Start of Records shown

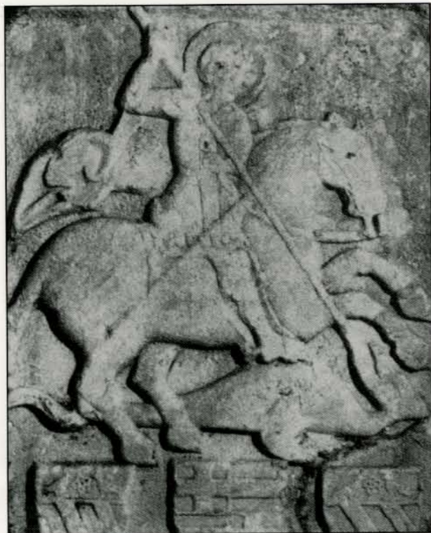
Bas-relief d'un saint guerrier, probablement saint Georges, surmontant le blason des frères hospitaliers et peut-être du donateur. (Château de Bodrum, Turquie)

En tant que personnage principal sur le plan militaire, le maréchal est abondamment consulté pour son expertise dans les affaires orientales. Mais son pouvoir est limité par les changements continuels de postes. L'équipement militaire fourni par l'ordre est centralisé dans ses locaux à moins qu'il ne soit spécifiquement destiné au Krac des chevaliers ou à Margat. Le maréchal peut de surcroît réquisitionner ce matériel chez ses chefs locaux. Le maréchalat gère deux départements : l'arsenal, où un frère sergent veille sur tout l'équipement militaire, à l'exception des arbalètes, et les étables qui font face à un manque chronique de remonte, qui n'a jamais été comblé par les chevaux en provenance d'Europe.
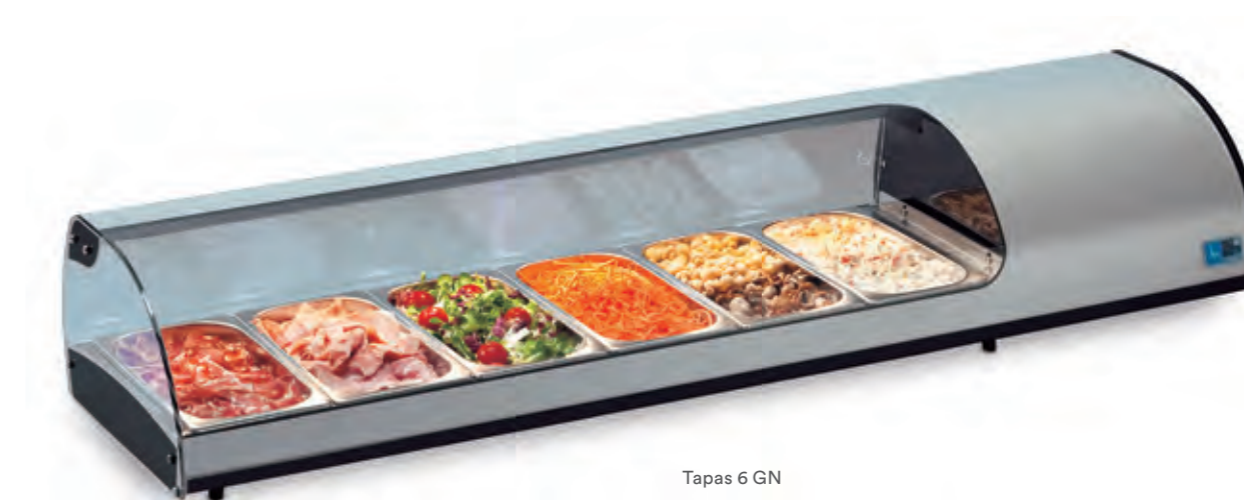
Tapas 6 GN
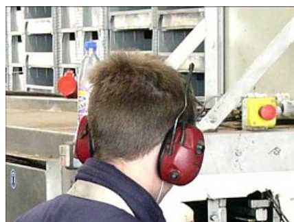
Oorkappen met ingebouwde radio
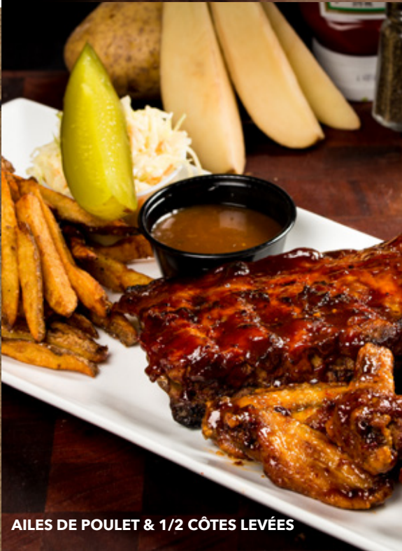
AILES DE POULET & 1/2 CÔTES LEVÉES
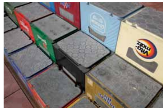
'Tribune van kratjes'
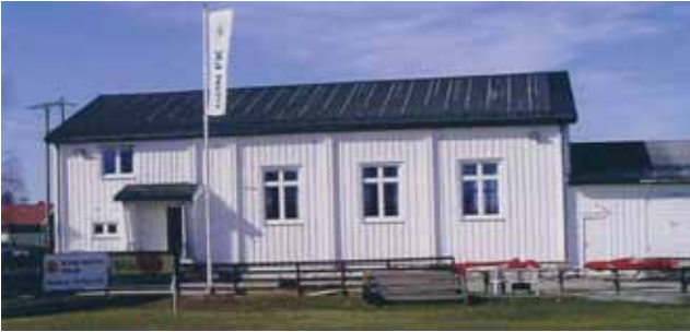
Bøn F.K. Klubbhus
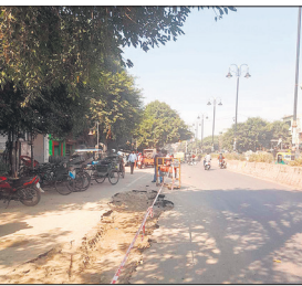
मरम्मत के लिए खोदी गई सड़क।

नगर निगम के जलकल विभाग की बियावानी कोठी से ईसाइयों की पुलिया की ओर से जाने वाली सीवर लाइन बीते दिनों लोक हो गई थी। स्थानीय लोगों की शिकायत पर जलकल विभाग ने सीवर लाइन की मरम्मत तो कर दी लेकिन सड़क को खोदकर ऐसे ही छोड़ दिया। इससे सड़क लगातार धंस रही है जो हादसे का खतब बन सकती है। इस सड़क का निर्माण स्मार्ट सिटी परियोजना
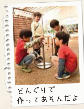
どんぐりで作ってあそんだよ
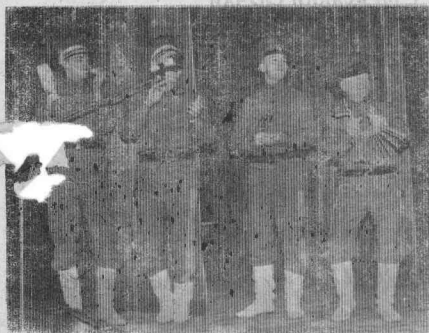
АНСАМБЛЬ «КАЗАКИ» РДК «РАССВЕТ».

«Песня несется, не зная конца, Плачет в очах, прожигая сердца, Бьется о стекла, летит к поднебесью... Слушайте песню, Слушайте песню!»

End of Records shown

● What the task asks: Word for word, set down every line of the records above, and leave the pictures out.

● Response below:
Bas-relief d'un saint guerrier, probablement saint Georges, surmontant le blason des frères hospitaliers et peut-être du donateur. (Château de Bodrum, Turquie)

En tant que personnage principal sur le plan militaire, le maréchal est abondamment consulté pour son expertise dans les affaires orientales. Mais son pouvoir est limité par les changements continuels de postes. L'équipement militaire fourni par l'ordre est centralisé dans ses locaux à moins qu'il ne soit spécifiquement destiné au Krac des chevaliers ou à Margat. Le maréchal peut de surcroît réquisitionner ce matériel chez ses chefs locaux. Le maréchalat gère deux départements : l'arsenal, où un frère sergent veille sur tout l'équipement militaire, à l'exception des arbalètes, et les étables qui font face à un manque chronique de remonte, qui n'a jamais été comblé par les chevaux en provenance d'Europe.
Tapas 6 GN
Oorkappen met ingebouwde radio
AILES DE POULET & 1/2 CÔTES LEVÉES
'Tribune van kratjes'
Bøn F.K. Klubbhus
मरम्मत के लिए खोदी गई सड़क।

नगर निगम के जलकल विभाग की बियावानी कोठी से ईसाइयों की पुलिया की ओर से जाने वाली सीवर लाइन बीते दिनों लोक हो गई थी। स्थानीय लोगों की शिकायत पर जलकल विभाग ने सीवर लाइन की मरम्मत तो कर दी लेकिन सड़क को खोदकर ऐसे ही छोड़ दिया। इससे सड़क लगातार धंस रही है जो हादसे का खतब बन सकती है। इस सड़क का निर्माण स्मार्ट सिटी परियोजना
どんぐりで作ってあそんだよ
АНСАМБЛЬ «КАЗАКИ» РДК «РАССВЕТ».

«Песня несется, не зная конца, Плачет в очах, прожигая сердца, Бьется о стекла, летит к поднебесью... Слушайте песню, Слушайте песню!»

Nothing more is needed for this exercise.